* What is being asked *
Quote from the first line below through the line that contains "В настоящее время", both included, and leave the pictures out.

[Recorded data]

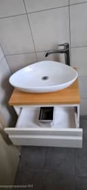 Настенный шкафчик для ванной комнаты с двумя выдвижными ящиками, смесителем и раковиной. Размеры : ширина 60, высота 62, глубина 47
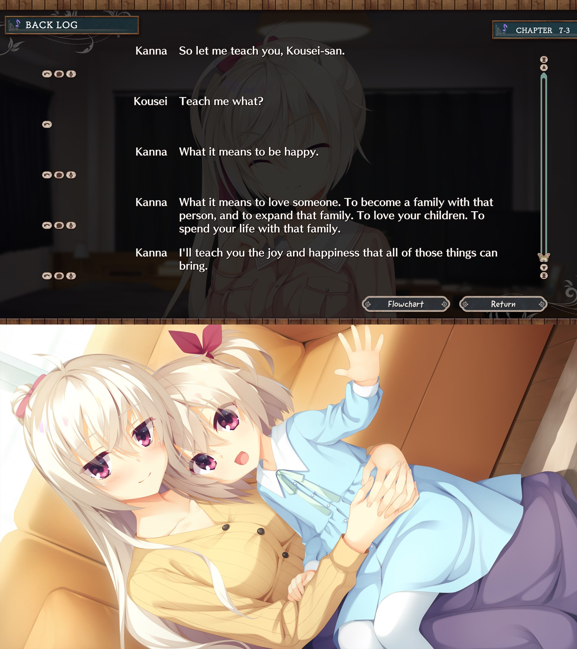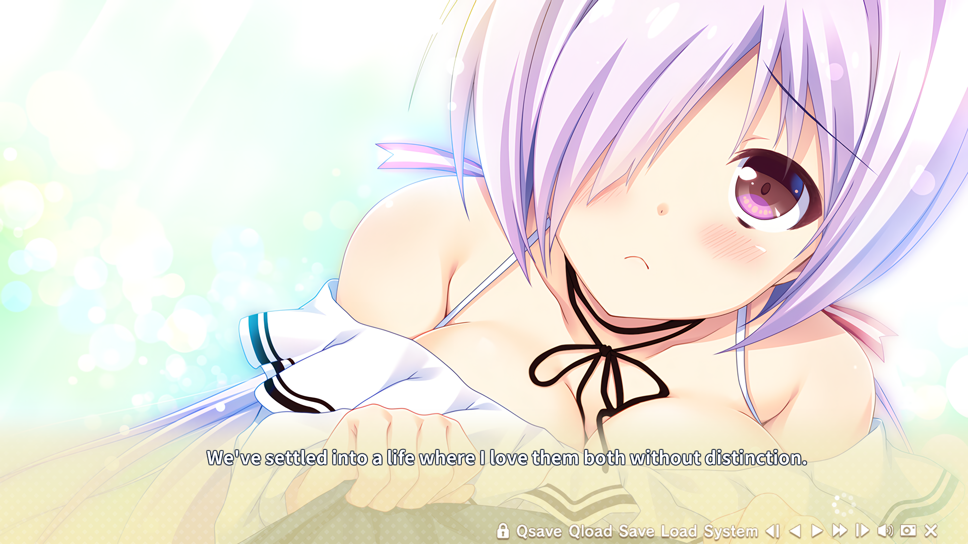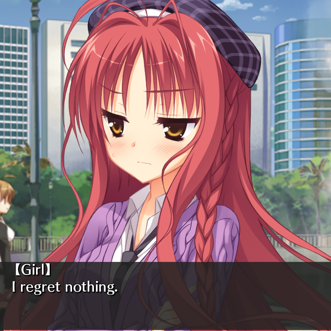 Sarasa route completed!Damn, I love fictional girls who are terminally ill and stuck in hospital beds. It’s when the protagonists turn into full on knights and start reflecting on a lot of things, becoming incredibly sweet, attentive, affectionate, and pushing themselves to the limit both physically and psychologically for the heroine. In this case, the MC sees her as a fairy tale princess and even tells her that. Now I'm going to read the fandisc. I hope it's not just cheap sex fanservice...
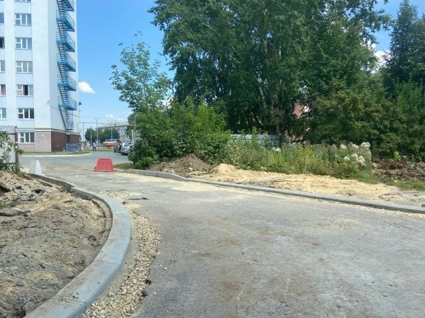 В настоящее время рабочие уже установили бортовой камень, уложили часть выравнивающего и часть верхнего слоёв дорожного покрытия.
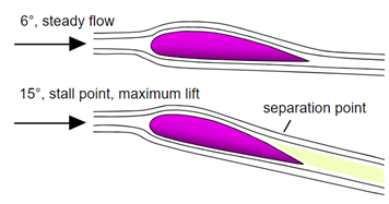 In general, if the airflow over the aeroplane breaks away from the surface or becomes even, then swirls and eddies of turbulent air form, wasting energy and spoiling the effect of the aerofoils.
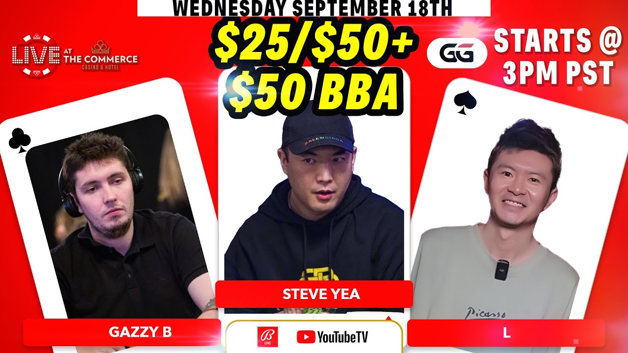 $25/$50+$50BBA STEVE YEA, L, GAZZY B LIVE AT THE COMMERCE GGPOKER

* The answer *
 Настенный шкафчик для ванной комнаты с двумя выдвижными ящиками, смесителем и раковиной. Размеры : ширина 60, высота 62, глубина 47
 Sarasa route completed!Damn, I love fictional girls who are terminally ill and stuck in hospital beds. It’s when the protagonists turn into full on knights and start reflecting on a lot of things, becoming incredibly sweet, attentive, affectionate, and pushing themselves to the limit both physically and psychologically for the heroine. In this case, the MC sees her as a fairy tale princess and even tells her that. Now I'm going to read the fandisc. I hope it's not just cheap sex fanservice...
 В настоящее время рабочие уже установили бортовой камень, уложили часть выравнивающего и часть верхнего слоёв дорожного покрытия.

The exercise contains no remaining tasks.